> [What is needed]
Retype all of the data word for word, without pictures.

> [Source data]
========================

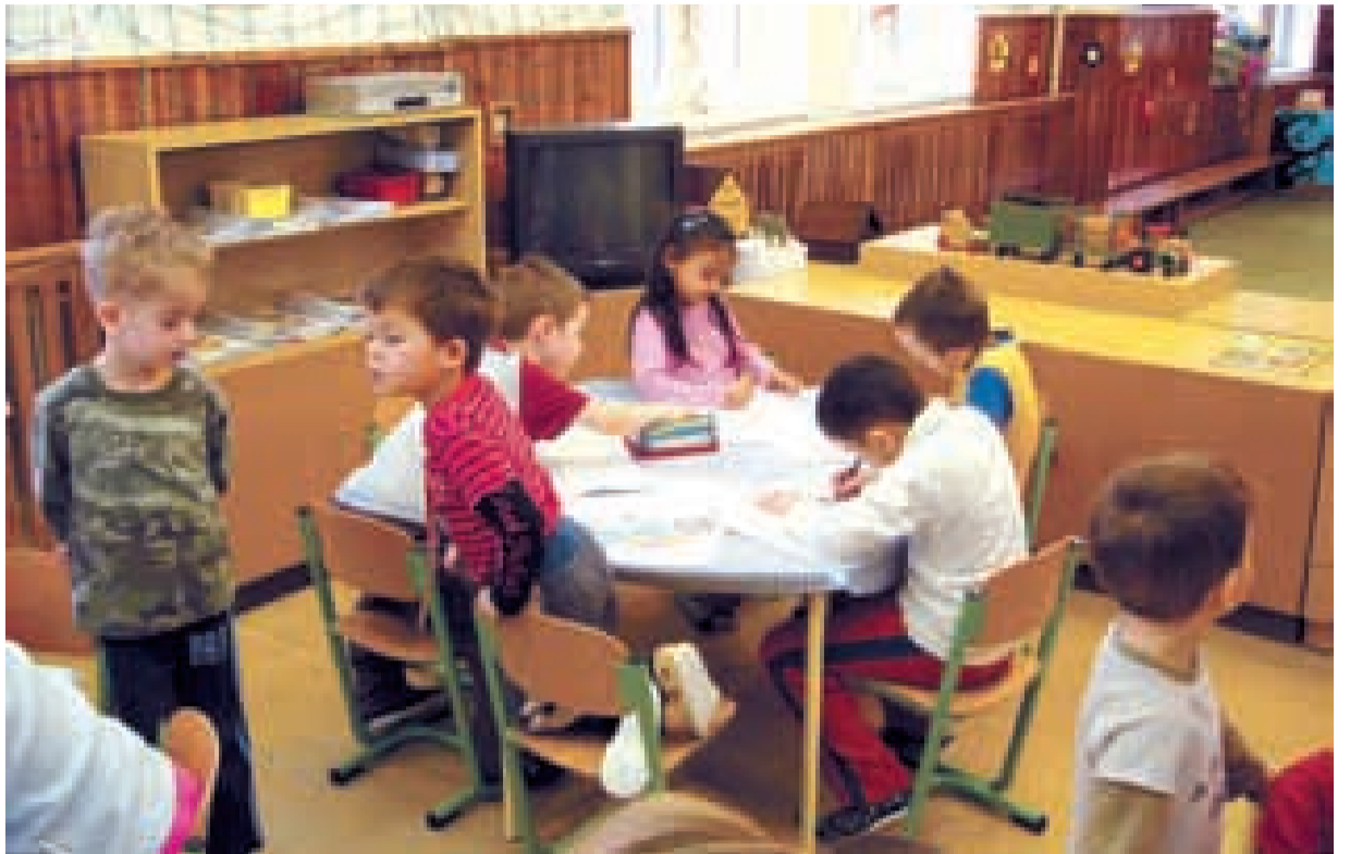
PRASKAJÍ VE ŠVECH. Většina mateřských škol ve Slezské Ostravě zápasí s nedostatkem míst.

Obrovský zájem ze strany rodičů je o Mateřskou školu Požární v Heřmanicích. Přestože kapacita tohoto předškolního zařízení je 50 míst, již zhruba sedm let není schopna uspokojit všechny zájemce. „Žádosti o přijetí podávají rodiče již kolem jednoho roku dítěte, dokonce i dříve, aby měli jistotu, že bude dítě do naší školky umístěno. Proto bychom přivítali rozšíření kapacity, ale z hygienických důvodů to zatím není
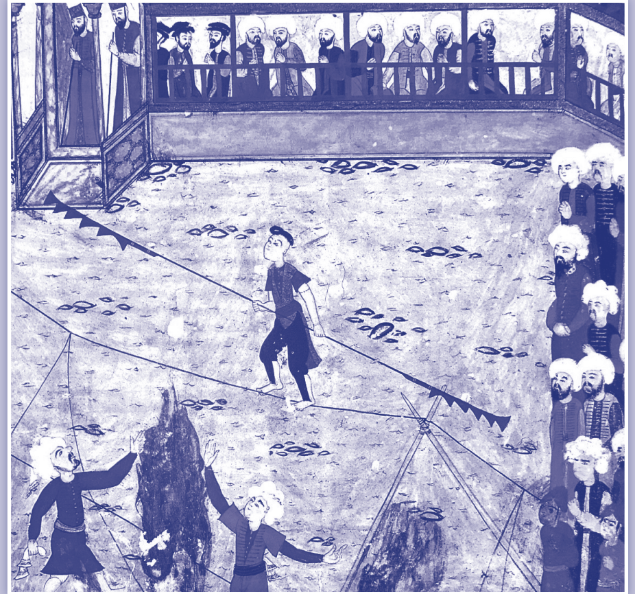
İntizâmî'ye ait minyatürde 1582 yılında ip cambazları gösteri yaparken görülüyor.

Eski zamanlarda gün görmüş bir kadının yakışıklı boylu poslu güzel mi güzel bir oğulcuğu varmış. Oğlanın işi gücü olmadığı için onu saraya padişahın emrine vermiş. Günün birinde padişah sarayı dolaşırken hizmetçilerine:
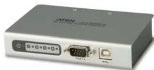
UC2324 4端口USB转串口RS-232界面集线器

========================

> [Output of the task]
PRASKAJÍ VE ŠVECH. Většina mateřských škol ve Slezské Ostravě zápasí s nedostatkem míst.

Obrovský zájem ze strany rodičů je o Mateřskou školu Požární v Heřmanicích. Přestože kapacita tohoto předškolního zařízení je 50 míst, již zhruba sedm let není schopna uspokojit všechny zájemce. „Žádosti o přijetí podávají rodiče již kolem jednoho roku dítěte, dokonce i dříve, aby měli jistotu, že bude dítě do naší školky umístěno. Proto bychom přivítali rozšíření kapacity, ale z hygienických důvodů to zatím není
İntizâmî'ye ait minyatürde 1582 yılında ip cambazları gösteri yaparken görülüyor.

Eski zamanlarda gün görmüş bir kadının yakışıklı boylu poslu güzel mi güzel bir oğulcuğu varmış. Oğlanın işi gücü olmadığı için onu saraya padişahın emrine vermiş. Günün birinde padişah sarayı dolaşırken hizmetçilerine:
UC2324 4端口USB转串口RS-232界面集线器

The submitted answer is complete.